# Lesson 11: Vector Autoregressive Models/ ARCH Models

Lesson 11: Vector Autoregressive Models/ ARCH Models

### Overview

This week we'll look at two topics - models for periods of volatile variance (ARCH models) and AR models for multivariate time series.

## Objectives

After successfully completing this lesson, you should be able to:

• Model the variance of a time series
• Identify and interpret ARCH models
• Simultaneously model multiple variables in terms of past lags of themselves and one another

# 11.1 ARCH/GARCH Models

11.1 ARCH/GARCH Models

An ARCH (autoregressive conditionally heteroscedastic) model is a model for the variance of a time series. ARCH models are used to describe a changing, possibly volatile variance. Although an ARCH model could possibly be used to describe a gradually increasing variance over time, most often it is used in situations in which there may be short periods of increased variation. (Gradually increasing variance connected to a gradually increasing mean level might be better handled by transforming the variable.)

ARCH models were created in the context of econometric and finance problems having to do with the amount that investments or stocks increase (or decrease) per time period, so there’s a tendency to describe them as models for that type of variable.  For that reason, the authors of our text suggest that the variable of interest in these problems might either be $$y_t=(x_{t}-x_{t-1})/x_{t-1}$$, the proportion gained or lost since the last time, or $$log (x_t / x_{t-1})=log(x_t)-log(x_{t-1})$$, the logarithm of the ratio of this time’s value to last time’s value.

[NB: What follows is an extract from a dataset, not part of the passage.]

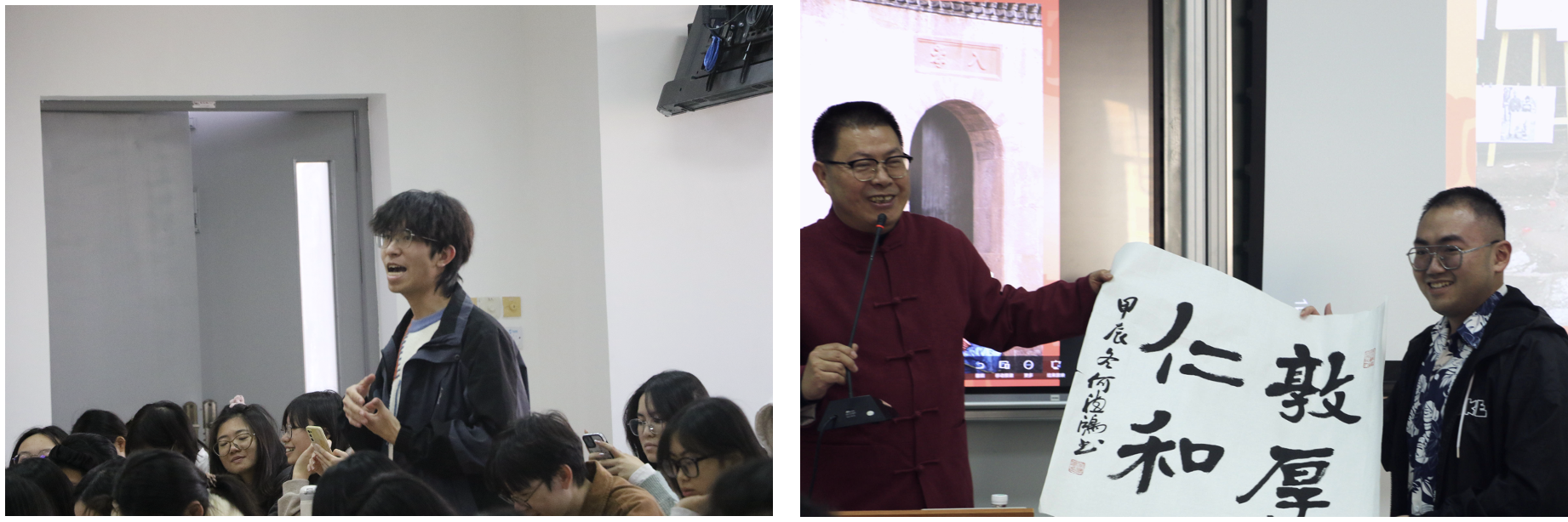 讲座过程中还不断穿插传统文化知识问答环节,学生们踊跃参与,获得了何穗鸿的字画奖品,现场氛围热烈。这不仅体现了学生们对传统文化的浓厚兴趣和热情,更彰显出传统文化在新时代青年心中的独特魅力与蓬勃生命力。

It’s not necessary that one of these be the primary variable of interest.  An ARCH model could be used for any series that has periods of increased or decreased variance. This might, for example, be a property of residuals after an ARIMA model has been fit to the data.

## The ARCH(1) Variance Model

Suppose that we are modeling the variance of a series yt . The ARCH(1) model for the variance of model yt is that conditional on yt-1 , the variance at time $$t$$ is

(1) $$\text{Var}(y_t | y_{t-1}) = \sigma^2_t = \alpha_0 + \alpha_1 y^2_{t-1}$$

We impose the constraints $$\alpha_0$$ ≥ 0 and $$\alpha_1$$ ≥ 0 to avoid negative variance.

Note!
The variance at time t is connected to the value of the series at time $$t$$ – 1. A relatively large value of $$y^2_{t-1}$$ gives a relatively large value of the variance at time $$t$$. This means that the value of yt is less predictable at time $$t$$ −1 than at times after a relatively small value of $$y^2_{t-1}$$.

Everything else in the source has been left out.